WHAT THE TASK ASKS - Repeat every record exactly, but keep images out of the copy.

ENTRIES SHOWN -
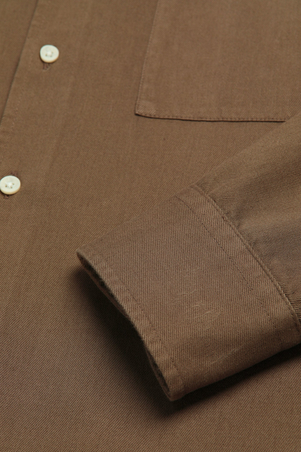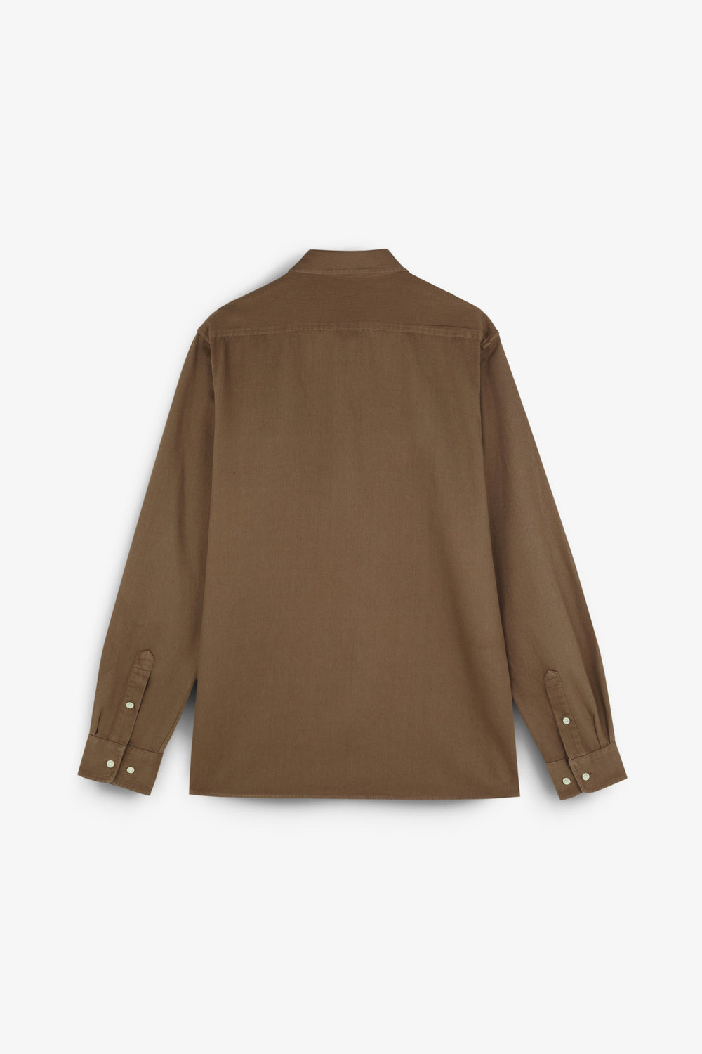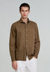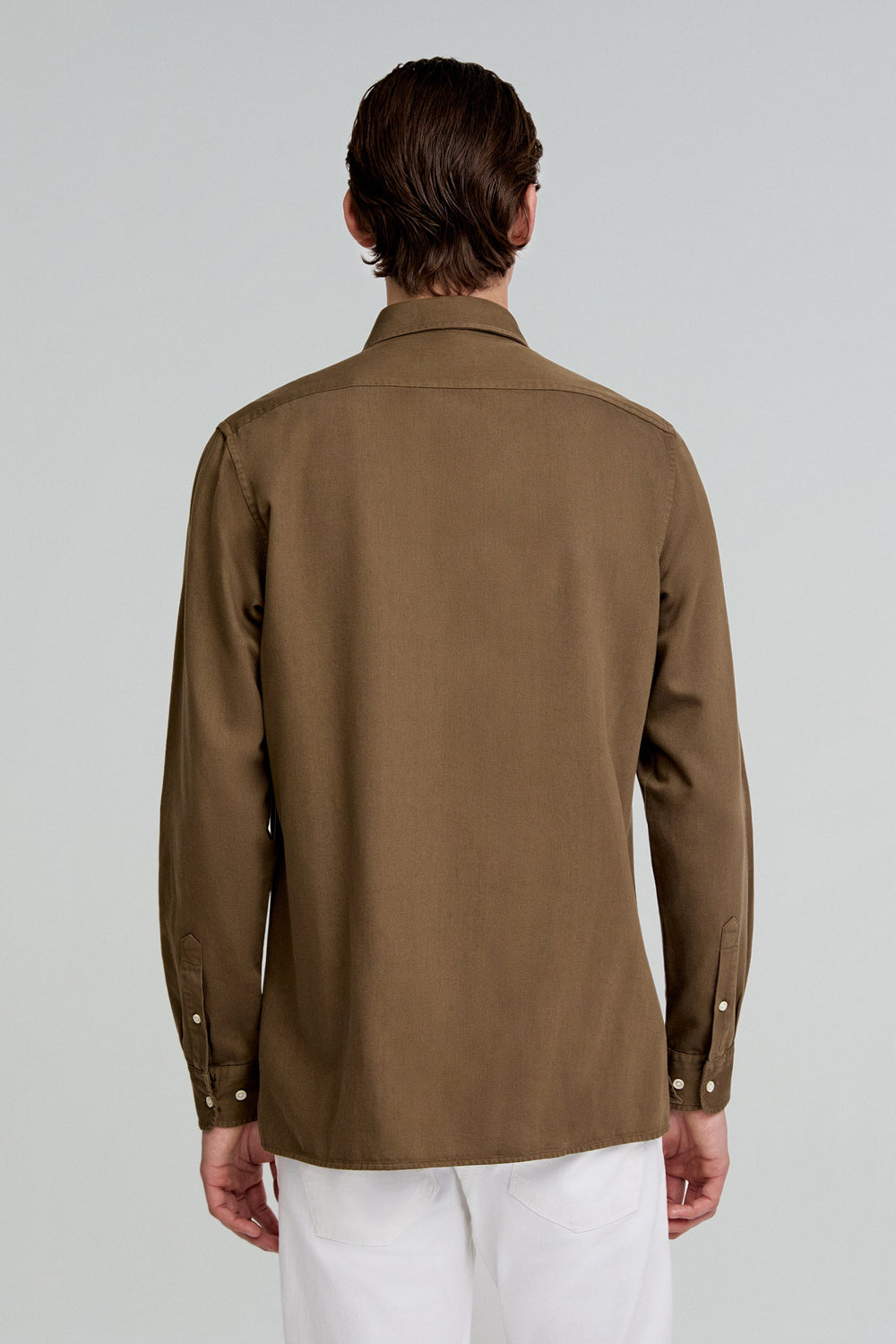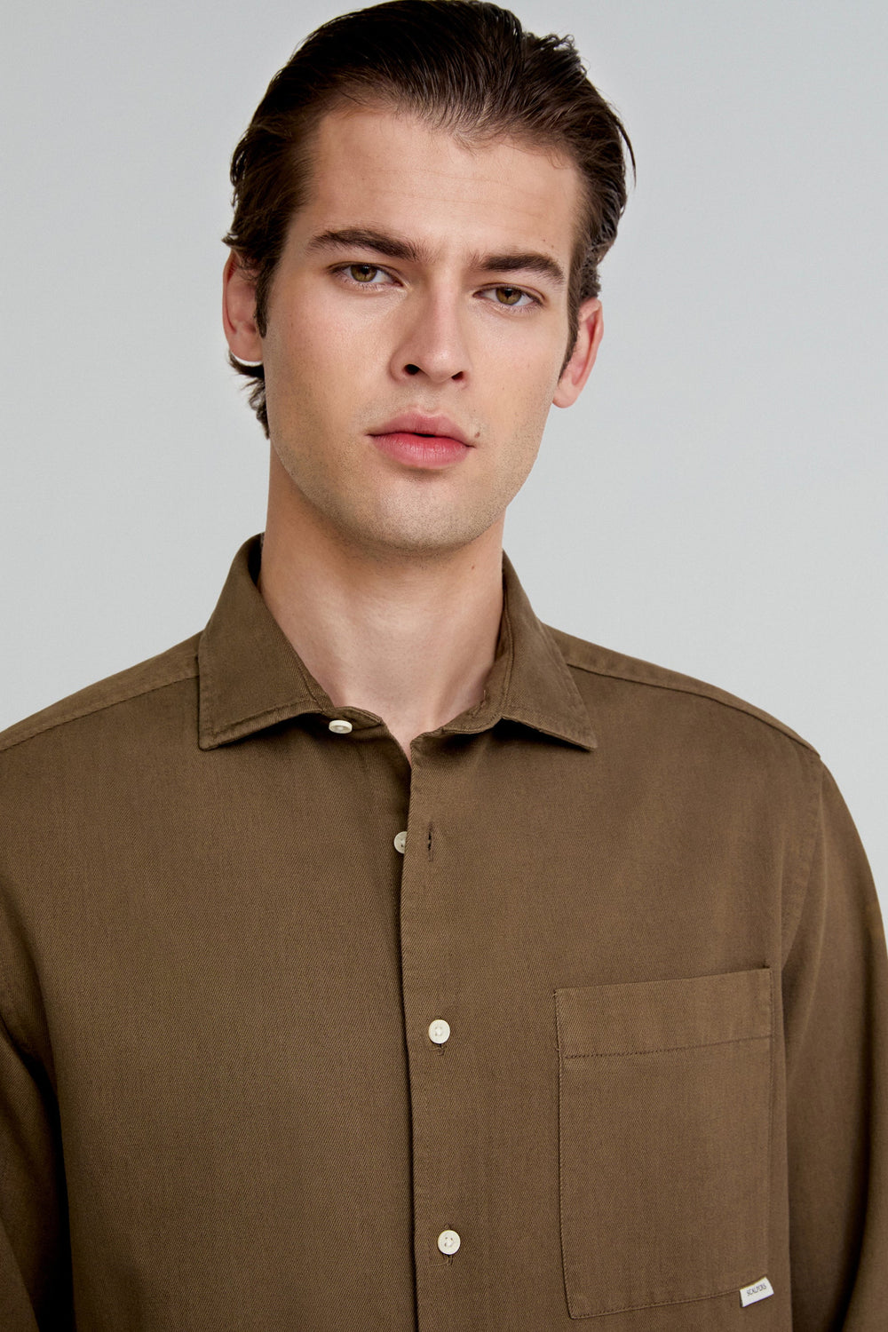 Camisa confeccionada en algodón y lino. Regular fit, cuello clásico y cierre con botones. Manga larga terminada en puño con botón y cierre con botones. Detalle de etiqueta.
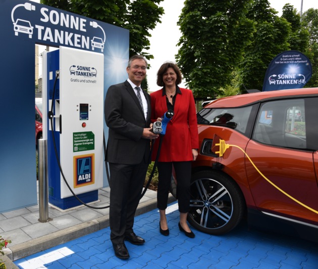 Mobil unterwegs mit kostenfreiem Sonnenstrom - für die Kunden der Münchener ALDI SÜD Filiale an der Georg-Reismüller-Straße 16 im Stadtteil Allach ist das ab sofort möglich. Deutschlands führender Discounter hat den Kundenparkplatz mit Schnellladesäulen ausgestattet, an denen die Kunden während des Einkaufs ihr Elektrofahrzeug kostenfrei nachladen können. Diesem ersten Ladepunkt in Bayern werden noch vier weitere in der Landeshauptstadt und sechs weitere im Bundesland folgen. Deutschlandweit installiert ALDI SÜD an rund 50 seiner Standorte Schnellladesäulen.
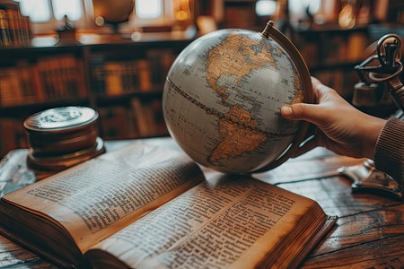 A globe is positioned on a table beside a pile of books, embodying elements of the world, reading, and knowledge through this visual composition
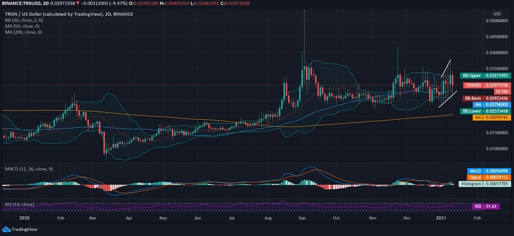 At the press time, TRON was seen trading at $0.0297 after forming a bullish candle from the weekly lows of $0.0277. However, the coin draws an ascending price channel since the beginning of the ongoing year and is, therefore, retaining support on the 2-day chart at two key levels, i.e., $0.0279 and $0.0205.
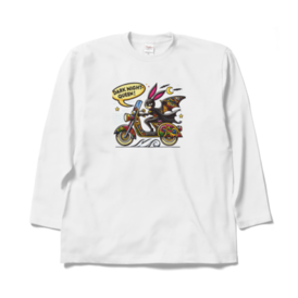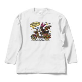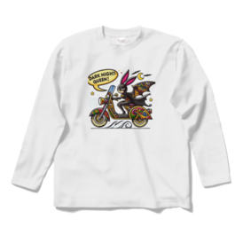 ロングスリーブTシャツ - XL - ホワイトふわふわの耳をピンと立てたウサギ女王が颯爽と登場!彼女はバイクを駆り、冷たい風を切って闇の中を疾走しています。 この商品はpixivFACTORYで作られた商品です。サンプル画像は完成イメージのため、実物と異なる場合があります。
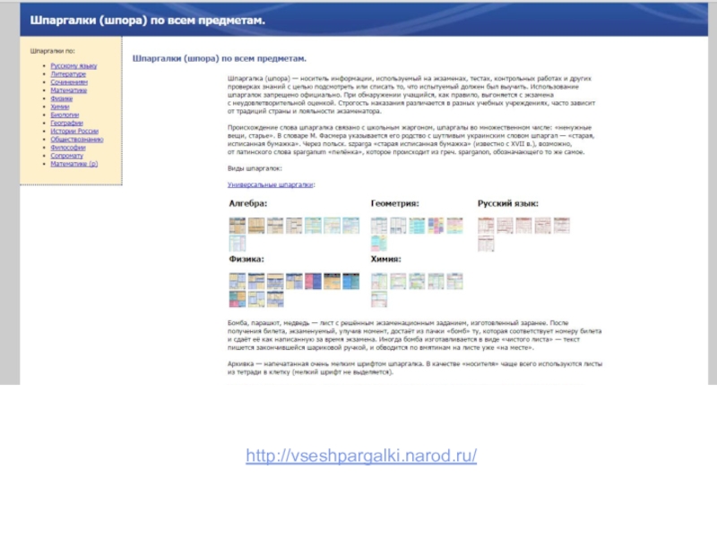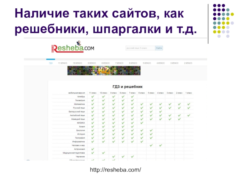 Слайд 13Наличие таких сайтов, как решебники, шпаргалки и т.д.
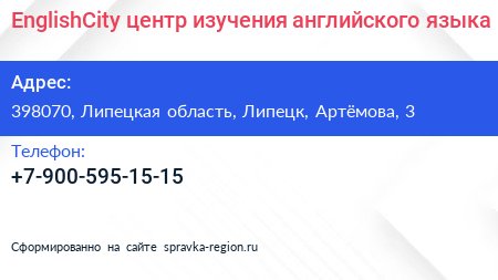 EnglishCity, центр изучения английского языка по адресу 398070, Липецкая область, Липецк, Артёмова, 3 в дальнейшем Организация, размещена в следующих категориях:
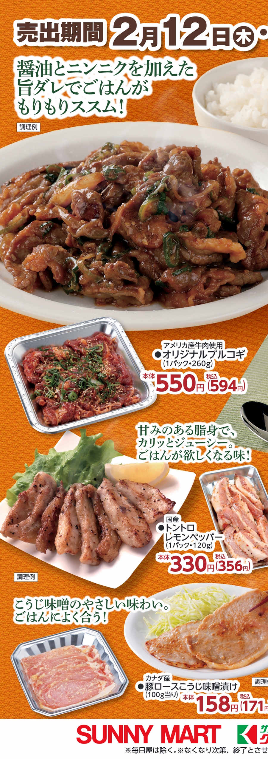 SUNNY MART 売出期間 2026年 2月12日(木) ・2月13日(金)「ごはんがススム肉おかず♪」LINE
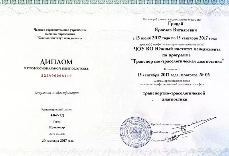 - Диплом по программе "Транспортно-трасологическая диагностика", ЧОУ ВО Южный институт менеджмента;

ANSWER SECTION -
 Camisa confeccionada en algodón y lino. Regular fit, cuello clásico y cierre con botones. Manga larga terminada en puño con botón y cierre con botones. Detalle de etiqueta.
 Mobil unterwegs mit kostenfreiem Sonnenstrom - für die Kunden der Münchener ALDI SÜD Filiale an der Georg-Reismüller-Straße 16 im Stadtteil Allach ist das ab sofort möglich. Deutschlands führender Discounter hat den Kundenparkplatz mit Schnellladesäulen ausgestattet, an denen die Kunden während des Einkaufs ihr Elektrofahrzeug kostenfrei nachladen können. Diesem ersten Ladepunkt in Bayern werden noch vier weitere in der Landeshauptstadt und sechs weitere im Bundesland folgen. Deutschlandweit installiert ALDI SÜD an rund 50 seiner Standorte Schnellladesäulen.
 A globe is positioned on a table beside a pile of books, embodying elements of the world, reading, and knowledge through this visual composition
 At the press time, TRON was seen trading at $0.0297 after forming a bullish candle from the weekly lows of $0.0277. However, the coin draws an ascending price channel since the beginning of the ongoing year and is, therefore, retaining support on the 2-day chart at two key levels, i.e., $0.0279 and $0.0205.
 ロングスリーブTシャツ - XL - ホワイトふわふわの耳をピンと立てたウサギ女王が颯爽と登場!彼女はバイクを駆り、冷たい風を切って闇の中を疾走しています。 この商品はpixivFACTORYで作られた商品です。サンプル画像は完成イメージのため、実物と異なる場合があります。
 Слайд 13Наличие таких сайтов, как решебники, шпаргалки и т.д.
 EnglishCity, центр изучения английского языка по адресу 398070, Липецкая область, Липецк, Артёмова, 3 в дальнейшем Организация, размещена в следующих категориях:
 SUNNY MART 売出期間 2026年 2月12日(木) ・2月13日(金)「ごはんがススム肉おかず♪」LINE
 - Диплом по программе "Транспортно-трасологическая диагностика", ЧОУ ВО Южный институт менеджмента;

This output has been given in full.